Data provided:
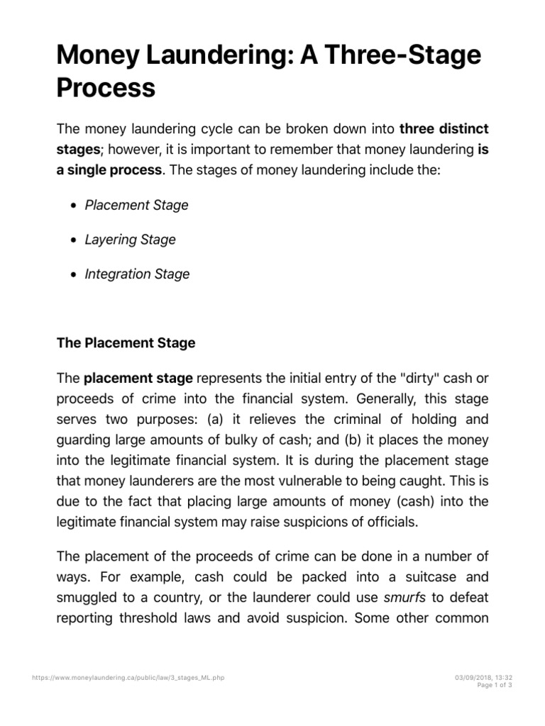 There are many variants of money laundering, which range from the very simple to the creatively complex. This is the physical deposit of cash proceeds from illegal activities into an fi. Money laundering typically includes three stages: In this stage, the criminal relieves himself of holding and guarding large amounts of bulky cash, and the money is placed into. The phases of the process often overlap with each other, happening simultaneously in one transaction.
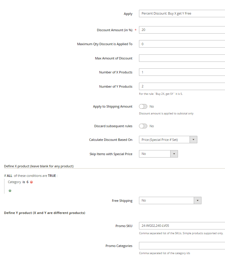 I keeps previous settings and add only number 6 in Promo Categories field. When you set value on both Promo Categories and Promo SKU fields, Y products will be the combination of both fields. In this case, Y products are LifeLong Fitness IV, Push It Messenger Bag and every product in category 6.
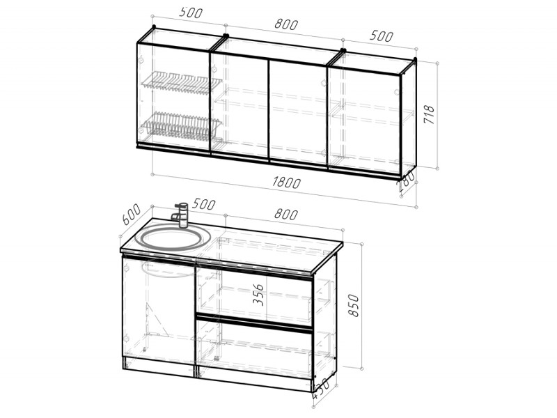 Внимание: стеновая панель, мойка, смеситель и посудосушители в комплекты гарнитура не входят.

Task goal:
All of the data needs repeating exactly, but the pictures do not.

Solution to the problem:
 There are many variants of money laundering, which range from the very simple to the creatively complex. This is the physical deposit of cash proceeds from illegal activities into an fi. Money laundering typically includes three stages: In this stage, the criminal relieves himself of holding and guarding large amounts of bulky cash, and the money is placed into. The phases of the process often overlap with each other, happening simultaneously in one transaction.
 I keeps previous settings and add only number 6 in Promo Categories field. When you set value on both Promo Categories and Promo SKU fields, Y products will be the combination of both fields. In this case, Y products are LifeLong Fitness IV, Push It Messenger Bag and every product in category 6.
 Внимание: стеновая панель, мойка, смеситель и посудосушители в комплекты гарнитура не входят.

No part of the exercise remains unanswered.